> The task
Give back the whole listing word for word and skip each picture.
== Supplied data
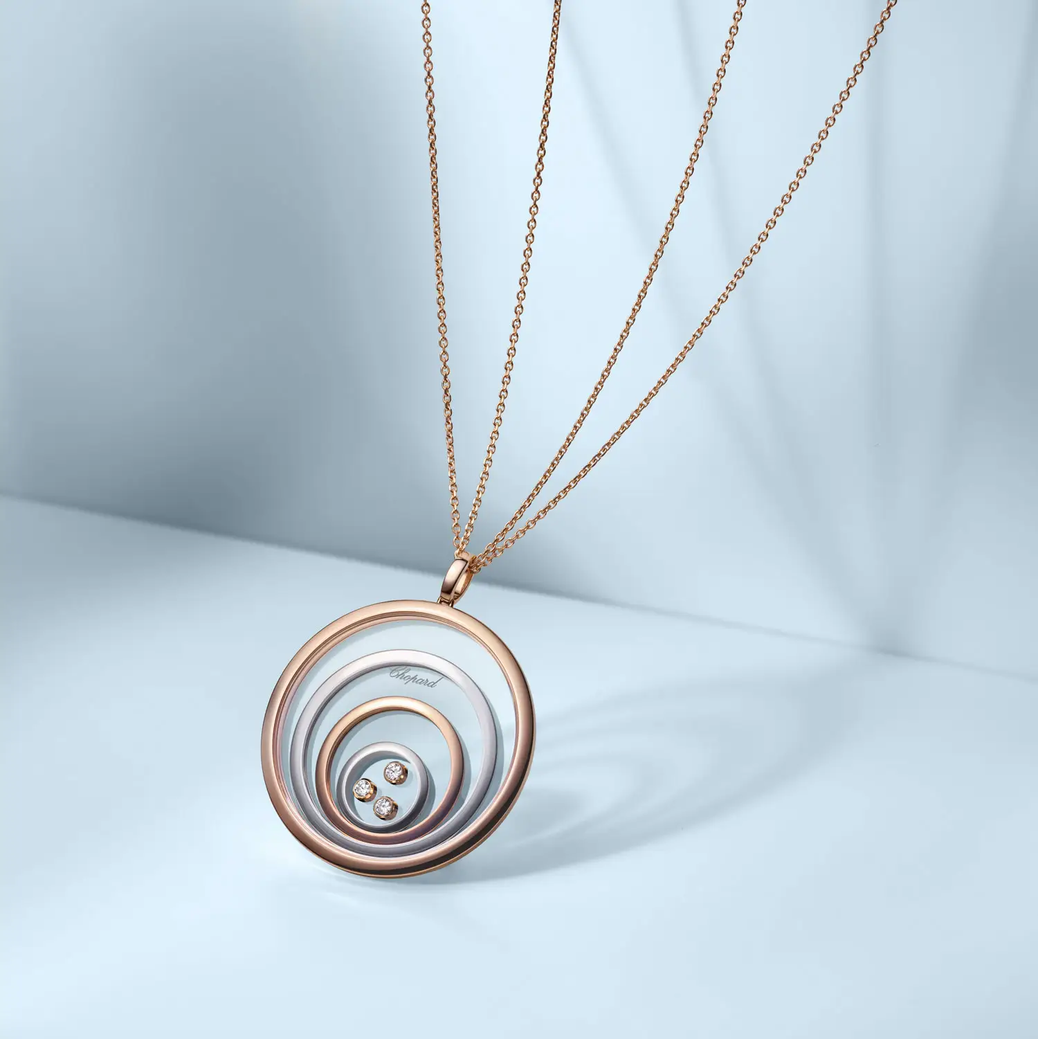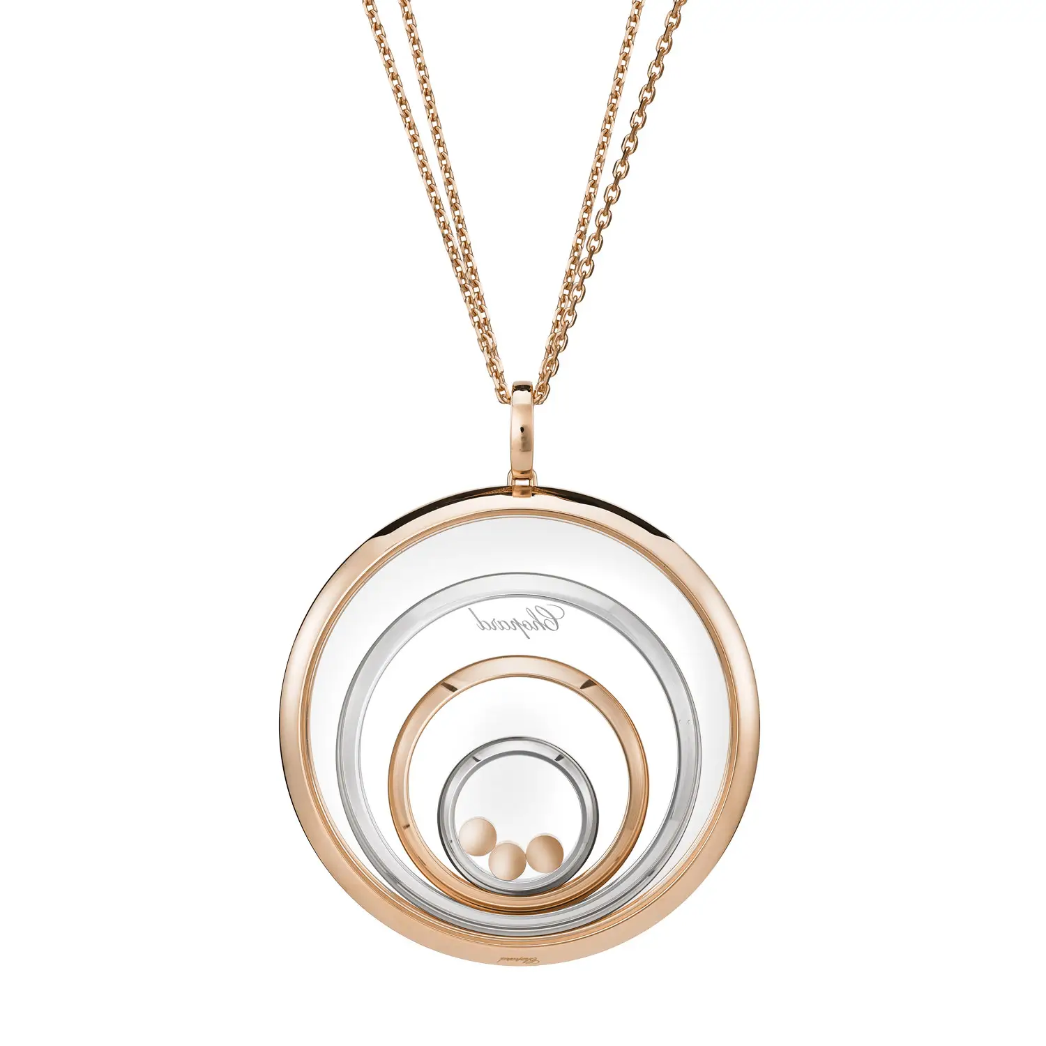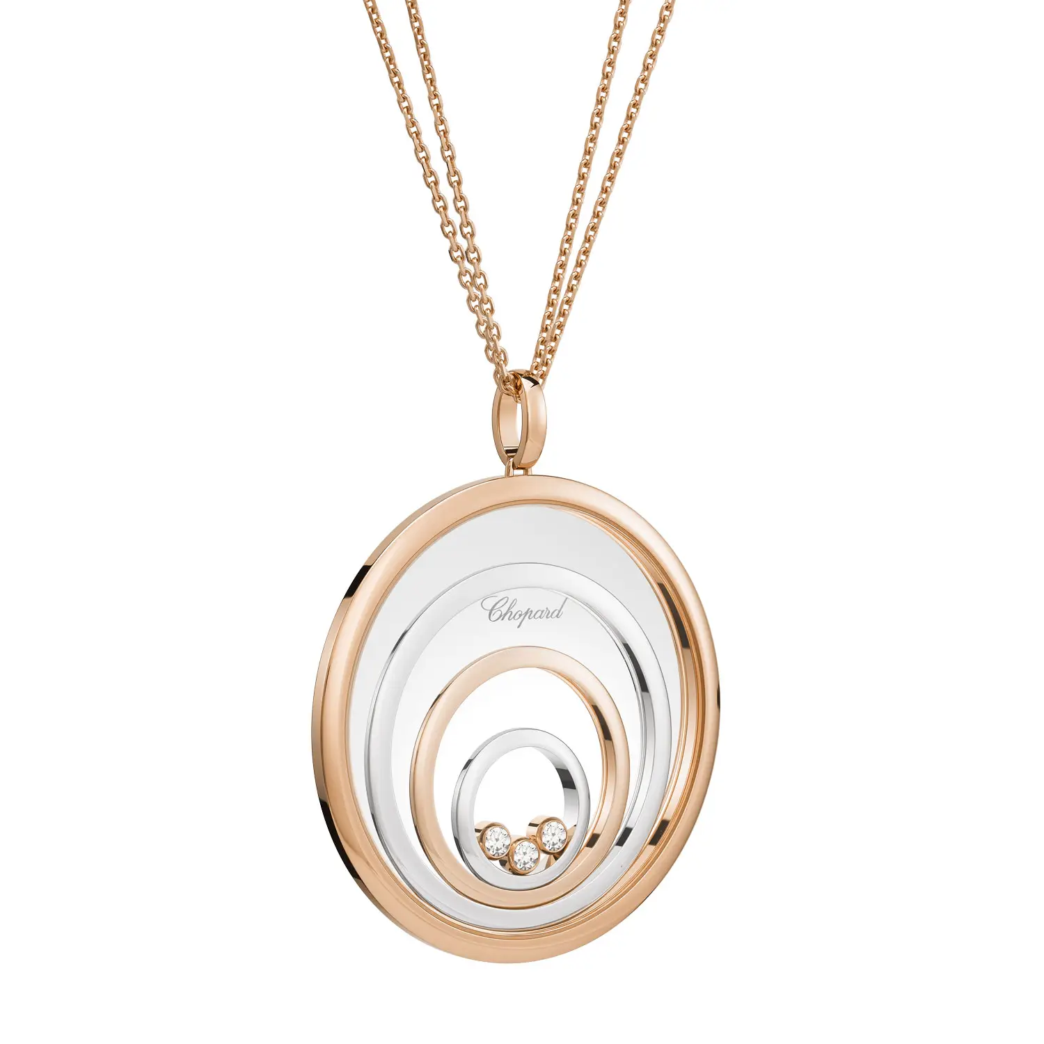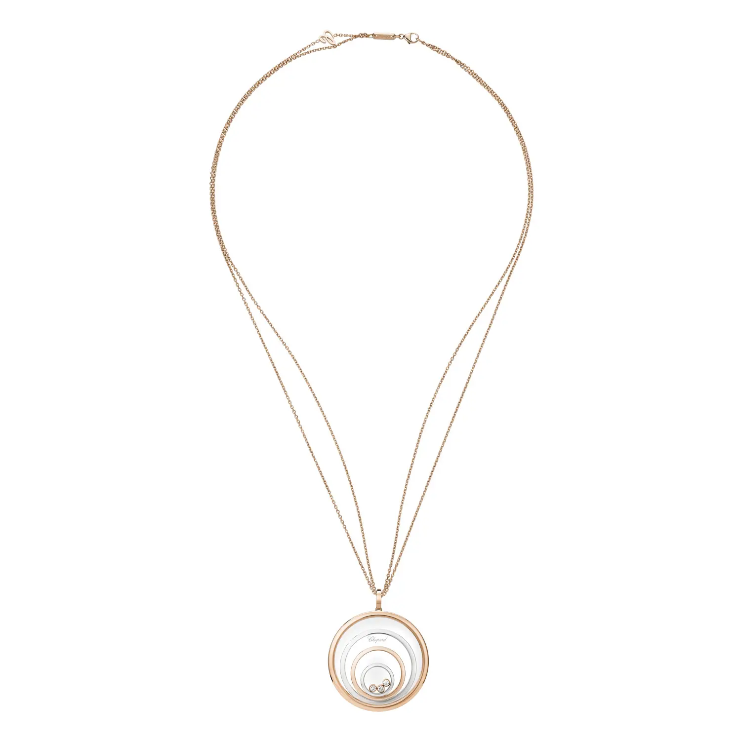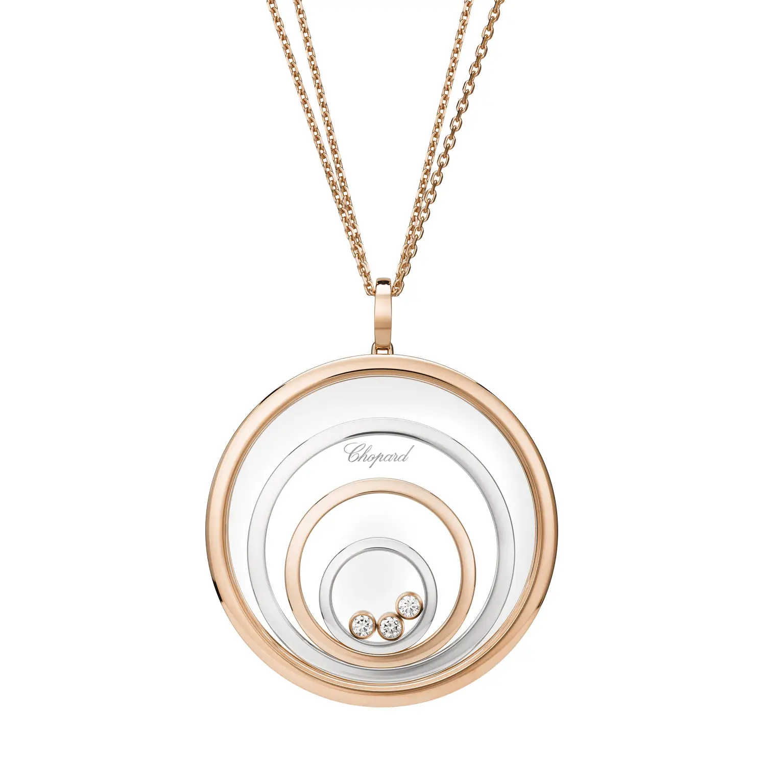 Mặt dây chuyền Chopard Happy Spirit 798233-9001 là biểu tượng của sự hài hòa, nữ tính và vẻ đẹp vượt thời gian. Được chế tác từ vàng hồng và vàng trắng 18 cara có nguồn gốc đạo đức, thiết kế gồm các vòng tròn đồng tâm tượng trưng cho sự cân bằng và tĩnh tại. Ở trung tâm, viên kim cương tự do chuyển động giữa hai lớp kính sapphire, được bao quanh bởi các viên đá tổng trọng lượng 0,28 cara – hiệu ứng “dancing diamond” đặc trưng tỏa sáng theo từng cử động.
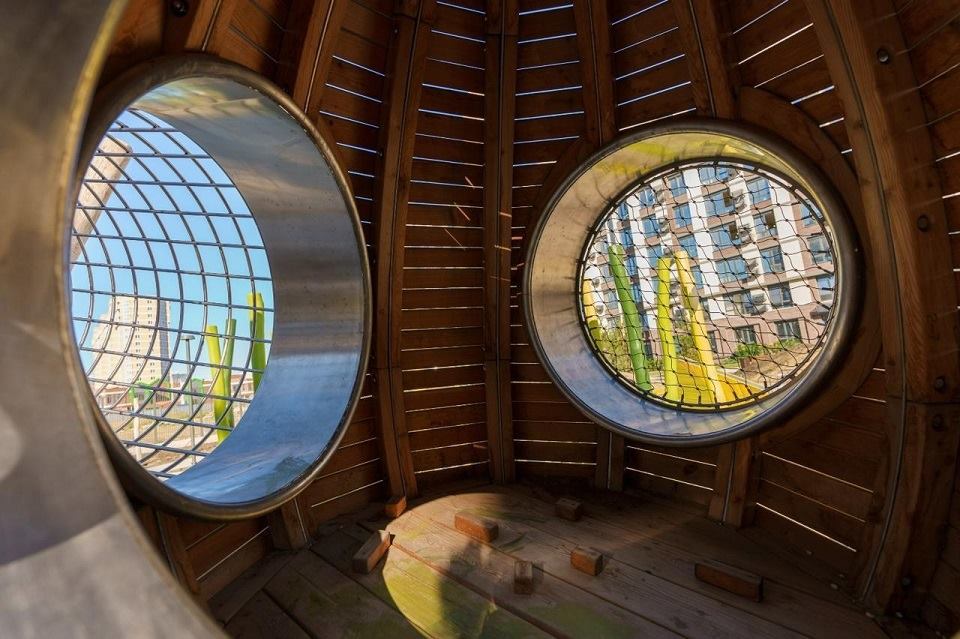 | Концепция «двор без машин» реализована полностью: гостевые парковки вынесены за периметр, а внутри — только пешеходные зоны, детские площадки с безопасным резиновым покрытием, зоны для воркаута и скамейки в тени деревьев. |
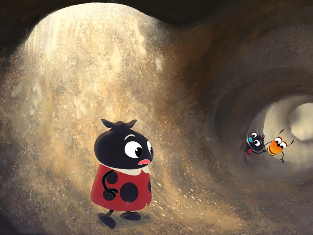 Bror og Marie går på tur i sandkassen, men vinden udvisker deres fodspor, og pludselig kan de ikke finde vejen hjem…
====
> Completed exercise
 Mặt dây chuyền Chopard Happy Spirit 798233-9001 là biểu tượng của sự hài hòa, nữ tính và vẻ đẹp vượt thời gian. Được chế tác từ vàng hồng và vàng trắng 18 cara có nguồn gốc đạo đức, thiết kế gồm các vòng tròn đồng tâm tượng trưng cho sự cân bằng và tĩnh tại. Ở trung tâm, viên kim cương tự do chuyển động giữa hai lớp kính sapphire, được bao quanh bởi các viên đá tổng trọng lượng 0,28 cara – hiệu ứng “dancing diamond” đặc trưng tỏa sáng theo từng cử động.
 | Концепция «двор без машин» реализована полностью: гостевые парковки вынесены за периметр, а внутри — только пешеходные зоны, детские площадки с безопасным резиновым покрытием, зоны для воркаута и скамейки в тени деревьев. |
 Bror og Marie går på tur i sandkassen, men vinden udvisker deres fodspor, og pludselig kan de ikke finde vejen hjem…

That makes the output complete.